A jornalista de moda, Mariana Coelho, que já escreveu para revistas como Glamour e Vogue, comenta como é necessário o consumidor analisar as marcas que utiliza e ter consciência na hora de fazer compras. “As pessoas que consomem a moda devem pesquisar e se certificar aonde as peças são produzidas, para não incentivar o trabalho ilegal dessas empresas. Existem diversas pesquisas e denúncias que ajudam a certificar sobre a escravidão moderna e boicotar as marcas que praticam. O consumo tem que ser com responsabilidade e sustentabilidade”.

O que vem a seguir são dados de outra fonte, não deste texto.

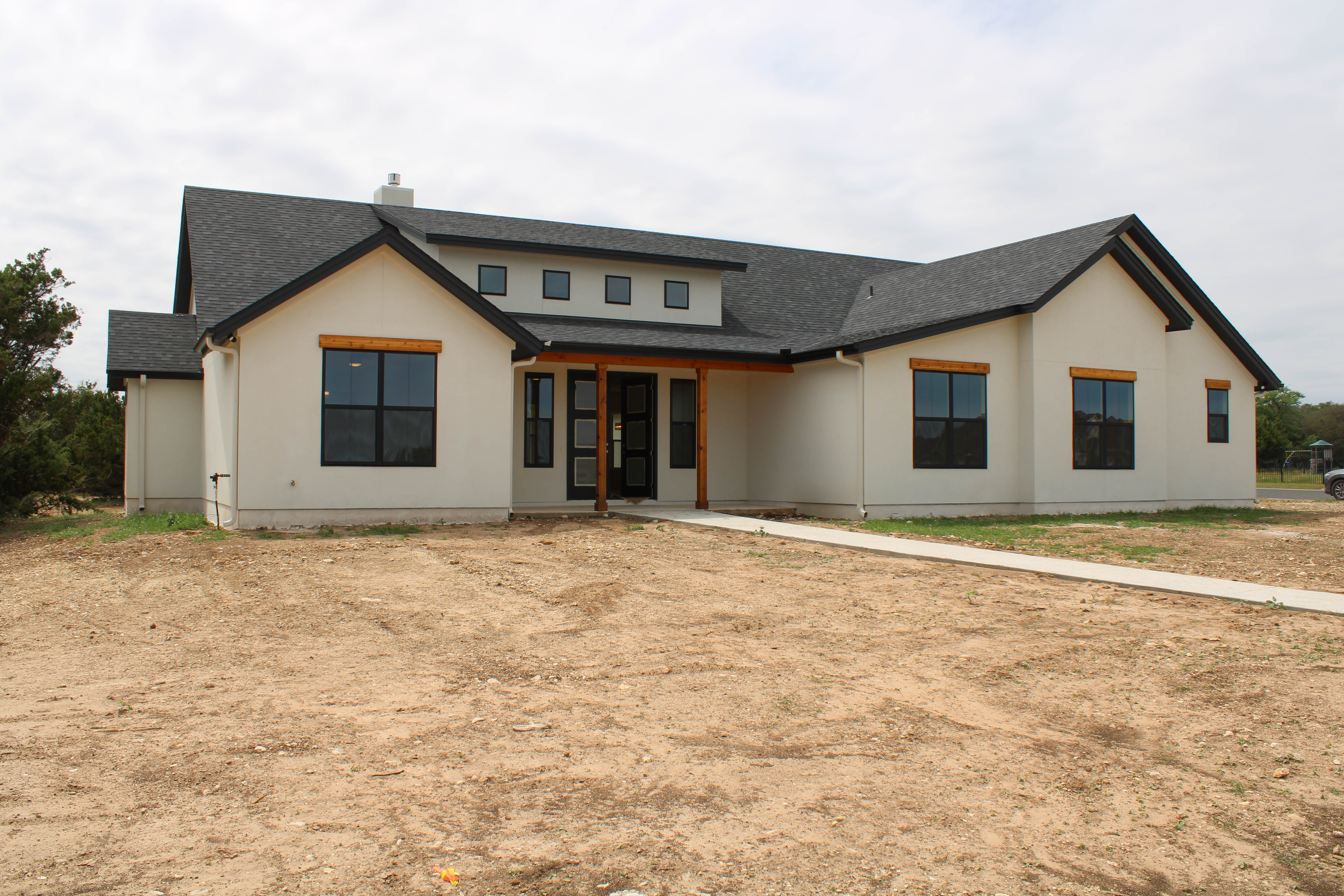 create a beautiful digital rendering of a modern suburban house with a warm and welcoming atmosphere the house should have a cream exterior and black window frames with the roof being a sleek dark charcoal gray add wooden accents in natural oak color around the windows and entrance the surrounding landscape should be grassy and well maintained with a few shrubs and small trees providing a lush green contrast the sky should be a clear bright blue with a few fluffy white clouds to add depth and serenity to the scene

As medidas a serem tomadas diante desse cenário são inúmeras, como a necessidade de cobrar dos parlamentares a erradicação do trabalho escravo e a promoção do trabalho digno, pressionando as marcas por mais transparência e responsabilidade com os seus funcionários. Fomentando a discussão coletiva para que mais pessoas fiquem sabendo da situação, e que as mesmas fiquem em alerta. Mesmo com os números altíssimos de denúncias sobre empresas que ainda atuam ilegalmente, a estrutura da fiscalização continua precária. No atual cenário brasileiro, com o enfraquecimento da fiscalização e com o aumento de consumidores interessados em pagarem valores baixos pelas roupas, dificilmente esse cenário irá mudar sem a contribuição da população.
Onde denunciar o trabalho análogo ao escravo: Ministério Público do trabalho, Ministério da Economia, Defensoria Pública da União; Disque 100 ou baixe o aplicativo Direitos Humanos BR.